|
|
|||
| Janny Wurts (Part 2): (continued) | |||
|
Janny Wurts: At this point, if it's not an author that I really love, and it's going to take time away from my own work, I'm not going to do it. When Guy [Gavriel] Kay called and asked my husband Don [Maitz] and I to collaborate on the Fionavar Tapestry [three-book series], I just jumped on it, because I love his work. That's such a visual work, and the symbolism is so deep. It's just fantastic. So it depends on the book. If somebody wants me as an illustrator, and if I like the work, and something in it intrigues me that I feel I can express what's on that page and bring something to it of value to me, then I'll take time away from my work and do it. Crescent Blues: In other words, time makes it an either/or situation. Janny Wurts: If I'm painting your story, then I'm putting one of mine on the shelf to do it. I certainly don't want to sound arrogant or like I'm not willing. I'm very willing to work in someone else's viewpoint. Some of the richest stuff I've ever done has been when I stepped outside of my own little hut and tried on somebody else's shoes. The trick is that there has to be some attraction or interest in it, because I'm beyond the point where I want to do any job just to make the money. It's a waste of my time. If I can't bring 100 percent of what I can bring to something, if it doesn't grab me, why bother?

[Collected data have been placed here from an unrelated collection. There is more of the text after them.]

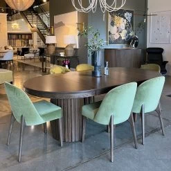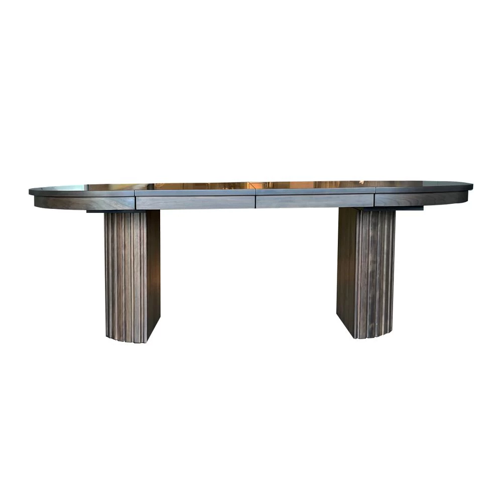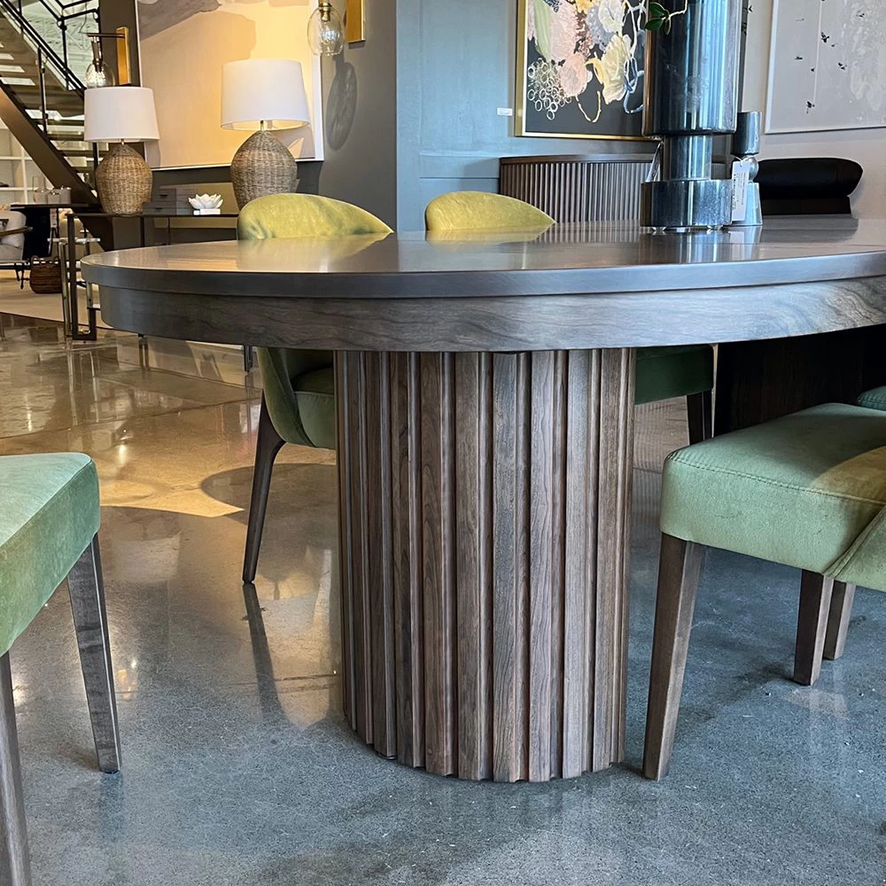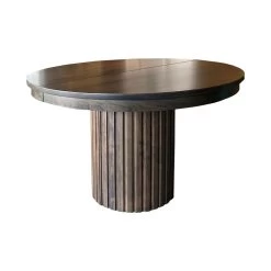 Round center split-pedestal dining table that opens to 88″ wide with 2 – 20″ center leaves on a fluted base.
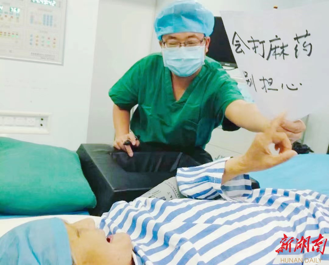保靖县中医院副院长、省中医重点专科骨伤科主任向功宝用写字板和聋哑患者进行术前交流
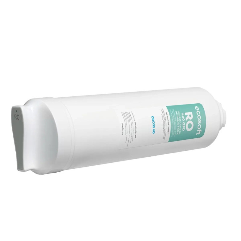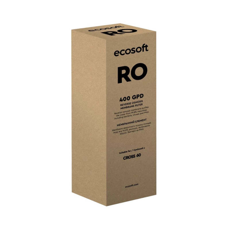 The Ecosoft 400 GPD reverse osmosis membrane is designed for use in the CROSS60 system and provides stable water purification on a daily basis. Its capacity is up to 60 liters of purified water per hour, which meets the needs of domestic use. The membrane element performs deep purification from dissolved impurities, bacteria, and viruses. The design allows for easy and dry replacement without tools. The recommended replacement period is once every 24 months.
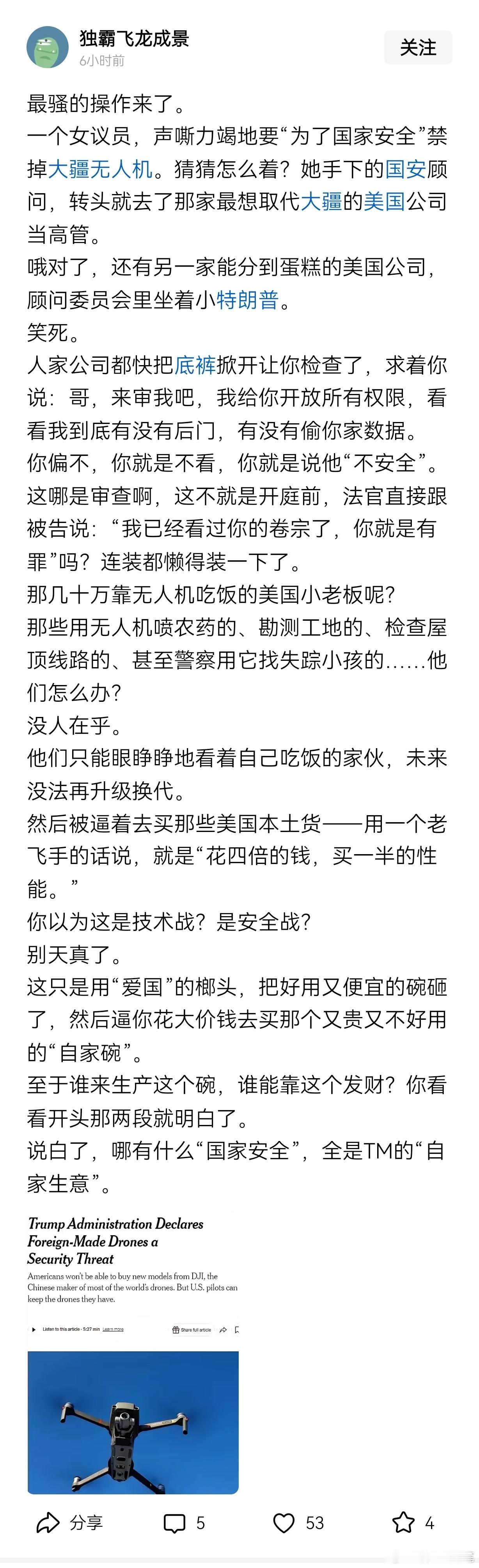 一个女议员,声嘶力竭地要“为了国家安全”禁掉大疆无人机。猜猜怎么着?她手下的国安顾问,转头就去了那家最想取代大疆的美国公司当高管。哦对了,还有另一家能分到蛋糕的美国公司,顾问委员会里坐着小特朗普。殖人快来说,美国没有腐败,美国没有搞“爱国贼”
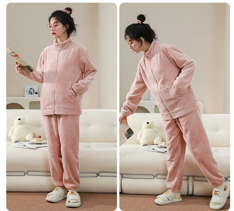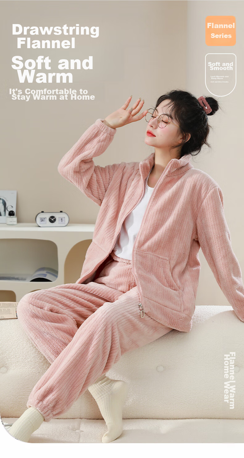 XUEXIMAN Women's Pajamas, Autumn And Winter Long-Sleeve Flannel Loungewear Set, Suitable for Outdoor Wear, Pink, Size M

I'm making this point strongly, because as we grow up we're taught it might have to be that way. "You can never have everything you want." "You might as well put up and shut up." I don't believe that's true, and I would urge people, don't buy it. Don't buy it. It makes for a very boring life. Crescent Blues: What's it like collaborating with your husband? Janny Wurts: It's easy for me, because I've done it before. I pretty much knew what a collaboration involved, and I had hit the walls with it and passed through to the other side where, look at it, you've got something that was totally different, because you had two minds. And I understood very well the concept that you're not driving your own train, and when the two trains wreck, you're going to get a third track that's better than either one of you -- or different -- and you're going to love it just as well. So don't pay attention to the train wreck. Look at the tangent. [Don had] never done this before, so it was a bit of a discovery for him to find his way, but I think he gladly did it. Once he realized, no, you're not in control of this picture, you're going to have to let go, it went quite smoothly. So we'd do it again, I would guess, if the right project came along. Crescent Blues: You've mentioned in interviews that music plays a very important role in your life and that you frequently listen to music when you're writing. How many instruments do you play? Janny Wurts: I've got an attic full. They're predominantly stringed instruments, but I just do it, because I enjoy it. I do little odds and ends, playing this or that. I wouldn't say you would stop the world to hear whatever I was playing, but I'm usually competent enough to do it in public. I do it for my own enjoyment. I really get a bang out of sound. It's a very direct medium. It's comparatively easy to compose a song. (Now, you'll notice, I didn't say compose a good song.) It's very direct. You don't have to go through these layers and stages of saying, "Now, I really want to express that, and I've got to use a symbol to get there, and that symbol's not right, and this symbol's not right." With sound, the note's either right or wrong, and you know which way to push it. It's very fluid. Crescent Blues: Bagpipes seem to have a lot of wrong notes.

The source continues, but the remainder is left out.